### [DIRECTIONS FOR THIS TASK]
A word-for-word copy of the listing, free of images, is the expected answer.
** DATASET CONTENT follows **
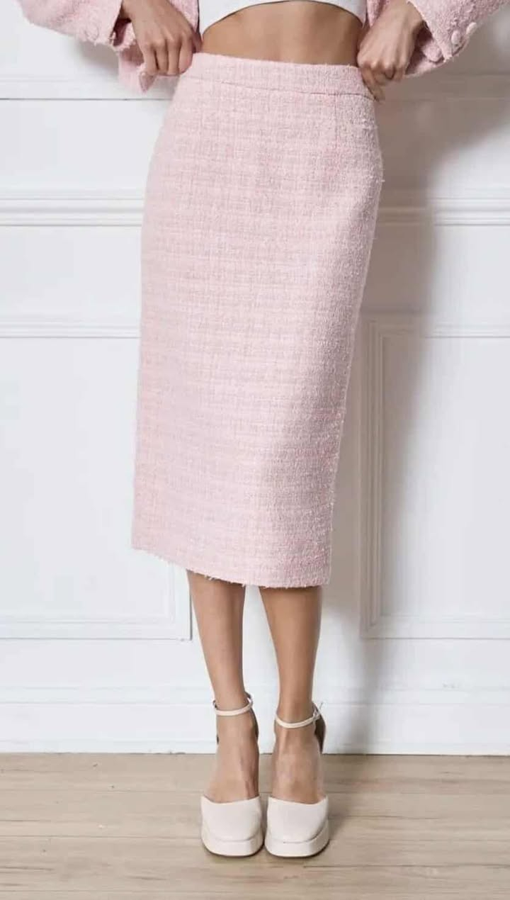 fusta eleganta cu croiala conica retro in stilul anilor 60 si crapatura la spate. O piesa feminina croita din tweed bleu pastelat captusala satinata,care se remarca prin design chic, Extrem de versatil, acest model se pliaza perfect pentru o tinuta office sau una moderna de zi. In functie de stilul personal o poti mixa fie cu accesorii colorate, in contrast, fie cu variante uni. Combina intotdeauna cu incaltaminte cu toc si genti in trend.
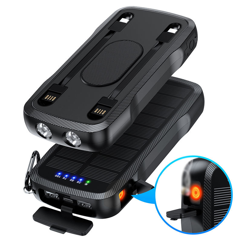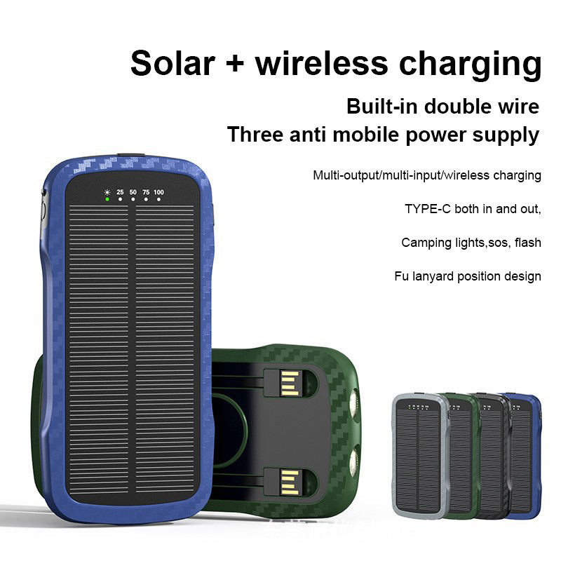 New Outdoor Portable Solar Wireless Power Bank 10000mAh Built-in Cable Charger with Flashlight for Mobile Phone
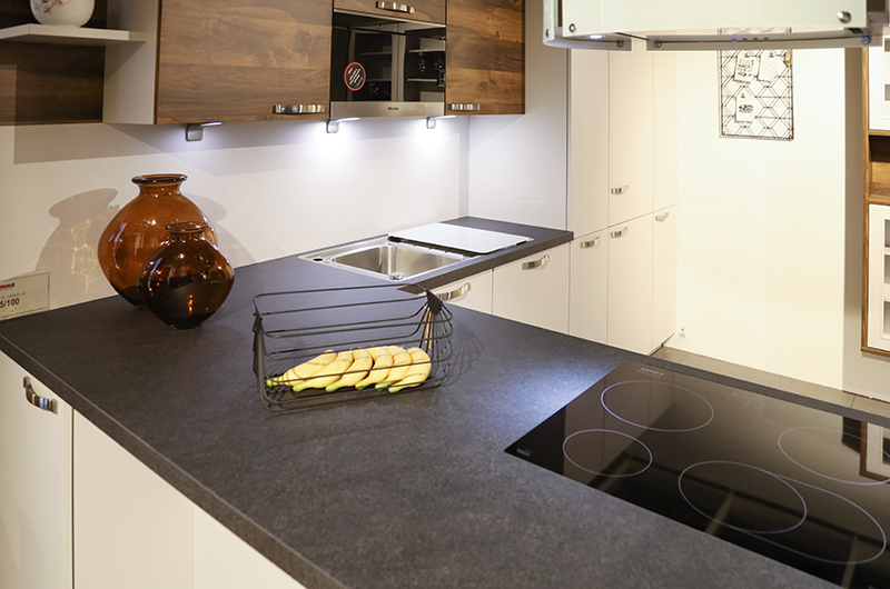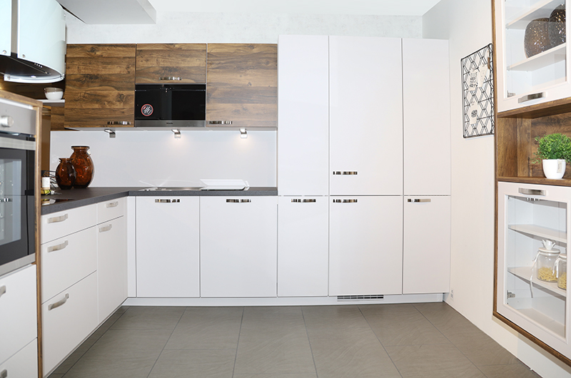 Front 417 weiß / 272 Balkeneiche NB, Korpus 070 Seidengrau, APL 371 Solid Granite NB
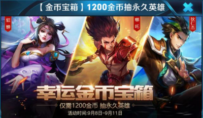 活动时间:9月8日-9月11日之间,玩家都是可以对幸运金币宝箱进行抽取的。
** End of DATASET CONTENT **
### [RESPONSE TO THIS EXERCISE]
 fusta eleganta cu croiala conica retro in stilul anilor 60 si crapatura la spate. O piesa feminina croita din tweed bleu pastelat captusala satinata,care se remarca prin design chic, Extrem de versatil, acest model se pliaza perfect pentru o tinuta office sau una moderna de zi. In functie de stilul personal o poti mixa fie cu accesorii colorate, in contrast, fie cu variante uni. Combina intotdeauna cu incaltaminte cu toc si genti in trend.
 New Outdoor Portable Solar Wireless Power Bank 10000mAh Built-in Cable Charger with Flashlight for Mobile Phone
 Front 417 weiß / 272 Balkeneiche NB, Korpus 070 Seidengrau, APL 371 Solid Granite NB
 活动时间:9月8日-9月11日之间,玩家都是可以对幸运金币宝箱进行抽取的。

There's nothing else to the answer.